Por eso, cuando un gato lame a su dueño puede estar tratándolo como a un miembro más de su entorno social. No pretende limpiar la piel humana, sino reproducir una secuencia familiar de cuidado, proximidad y confianza.

La lengua felina está especialmente preparada para esa tarea. Su superficie contiene papilas de queratina orientadas hacia atrás, capaces de funcionar como las púas de un cepillo y de transportar saliva hasta el pelaje. Esa estructura explica por qué el contacto resulta tan rugoso.

Entre gatos, el acicalamiento suele concentrarse en la cabeza y el cuello.

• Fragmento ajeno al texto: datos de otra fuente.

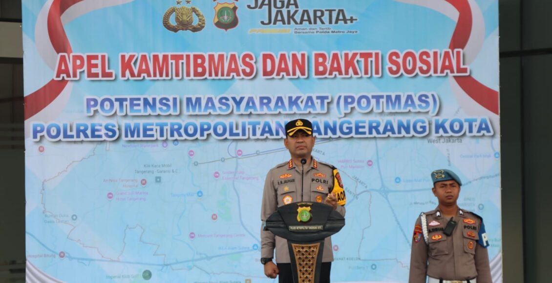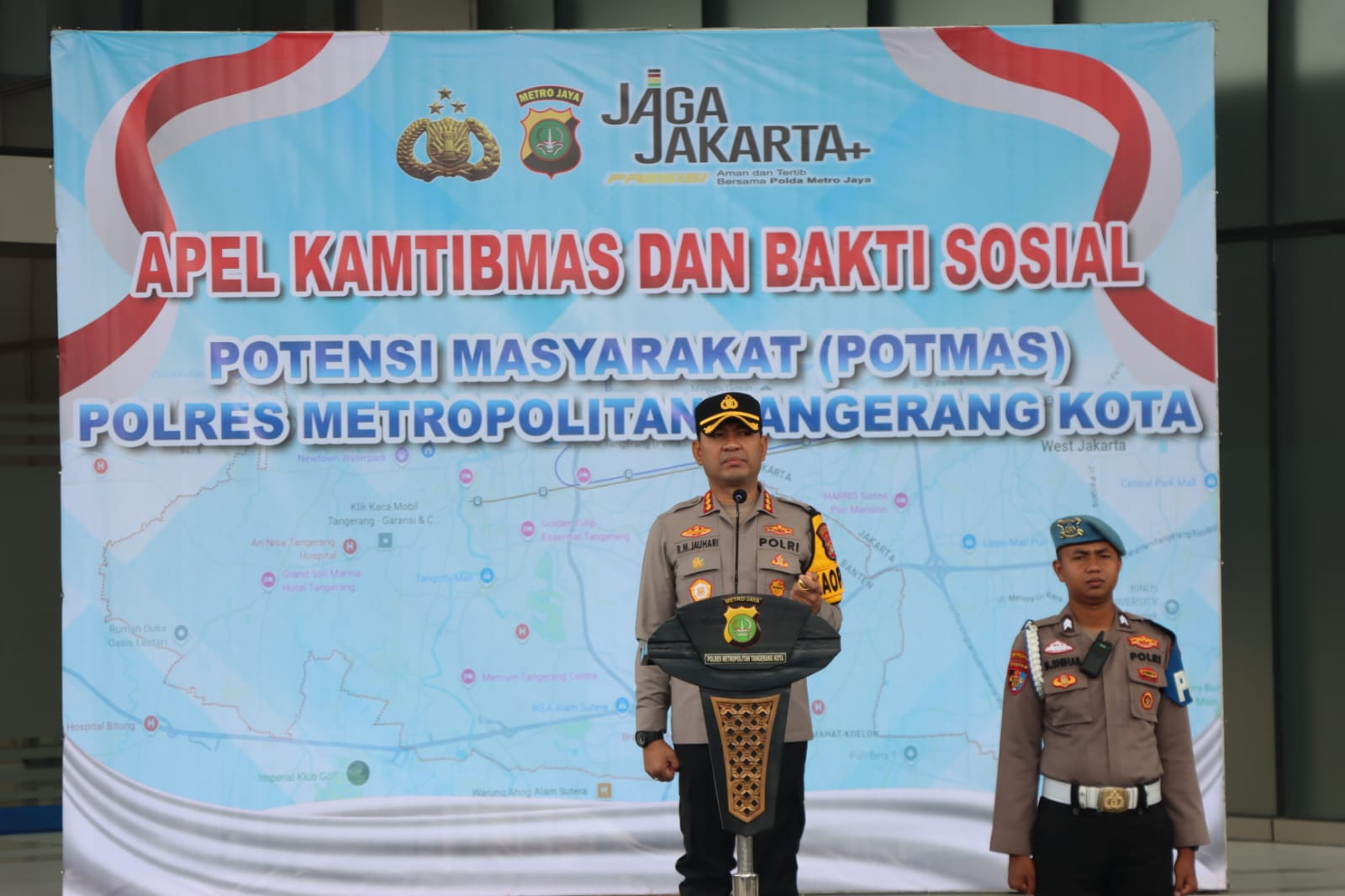 Tangerang,ikagawanews.id – Polres Metro Tangerang Kota menggelar kegiatan Apel Kamtibmas dan Bakti Sosial dalam rangka Potensi Masyarakat (POTMAS) yang berlangsung di Lapangan Apel Mako Polres Metro Tangerang Kota, Rabu (10/12/2025) pukul 09.00 WIB. Kegiatan ini dipimpin langsung oleh Kapolres Metro Tangerang Kota, Kombes Pol Dr. Raden Muhammad Jauhari, S.H., S.I.K., M.Si.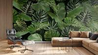 Aukštos kokybės tapetas su pasikartojančiu monstera ir bananmedžio lapų piešiniu – pagamintas ekologiška spausdinimo technologija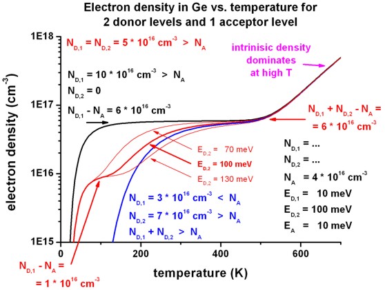 5) Compensated semiconductors - two donor levels and one acceptor level
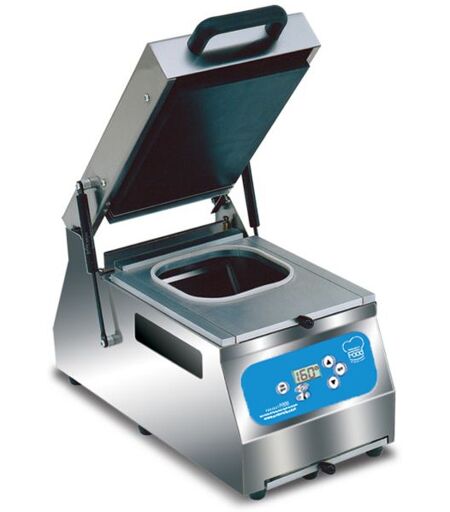 Sigillatrice a vaschetta in acciaio inox, Dimensione max 265x196 mm Le Termosigillatrici per vaschette “ semi-automatiche ” sono ideali per tenere confezionati gli alimenti mantenendo inalterata la fragranza e il gusto. Il macchinario è realizzato in acciaio inox garantendo praticità e igiene nel utilizzo. Per comandare la sigillatrice si usa la centralina digitale posta sul frontale della macchina da dove si può comandare la temperatura di sigillatura. Sono apparecchiature in grado di sigillare qualsiasi formato di vaschetta e qualsiasi tipo di prodotto, dal solido al liquido, in brevissimo tempo. DIMENSIONI STAMPI ACQUISTABILI SINGOLARAMENTE : 193x138 mm 138x96 mm 180x180 mm 195x260 mm ...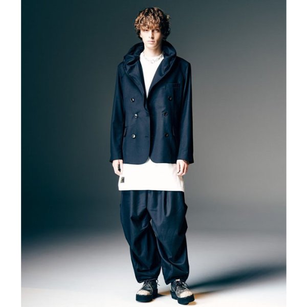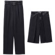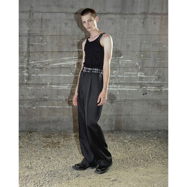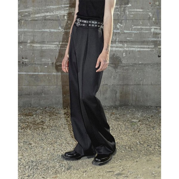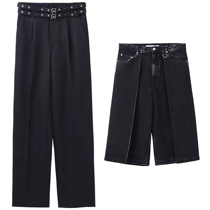 今年を象徴する様なダブルベルトデザインのスラックスはストレートシルエットの物。

El animal que lo recibe puede inclinarse, girar la cara o incluso ronronear para facilitar el acceso, señales que suelen acompañar a una interacción aceptada y relajada.

Reforzar el vínculo

El lamido también ayuda a construir familiaridad. Los gatos se orientan en gran medida mediante el olfato y utilizan diferentes conductas para dejar señales olorosas. Al lamer a una persona, pueden marcarla y reafirmar que forma parte de su entorno cotidiano.

No existe, sin embargo, una única explicación. Un gato también puede lamer porque busca atención, porque le atrae el sabor salado de la piel, porque ha detectado restos de comida o porque ha aprendido que ese gesto provoca caricias y palabras amables.

También importa el lenguaje corporal del felino. Un cuerpo suelto, los ojos entrecerrados y una postura cercana suelen acompañar a un lamido amistoso. Si aparecen orejas hacia atrás, coletazos, tensión o mordiscos, la interacción puede estar derivando hacia la irritación o la sobreestimulación.

Una investigación publicada en 2026, realizada a partir de vídeos de 53 parejas de gatos, confirmó que el allogrooming no siempre es estrictamente amistoso. En algunos casos aparece antes del juego brusco, los mordiscos o pequeños conflictos, por lo que conviene interpretar toda la escena y no un gesto aislado.

Esto no invalida su función afectiva. El estudio muestra, más bien, que el acicalamiento felino puede cumplir varias funciones dependiendo del momento, la relación entre los animales y las señales corporales que acompañan al lamido.

Cuándo es una señal de alerta

Que un gato lama ocasionalmente a su cuidador entra dentro de la conducta normal. La situación cambia cuando el comportamiento se vuelve insistente, aparece de repente o se acompaña de un acicalamiento excesivo sobre su propio cuerpo.

El estrés, los cambios de rutina y la ansiedad pueden aumentar los lamidos. También existen causas físicas, como dolor, picor, alergias o parásitos, especialmente cuando el animal se concentra repetidamente en una zona y provoca calvas, irritación o heridas.

En esos casos conviene consultar con un veterinario. El lamido puede tener un efecto calmante y convertirse en una conducta repetitiva, pero primero deben descartarse posibles problemas médicos.

Tampoco hay que preocuparse si un gato nunca lame a sus dueños. Cada individuo expresa la confianza de una manera distinta: algunos duermen cerca, otros se frotan contra las piernas, amasan con las patas o simplemente permanecen en la misma habitación.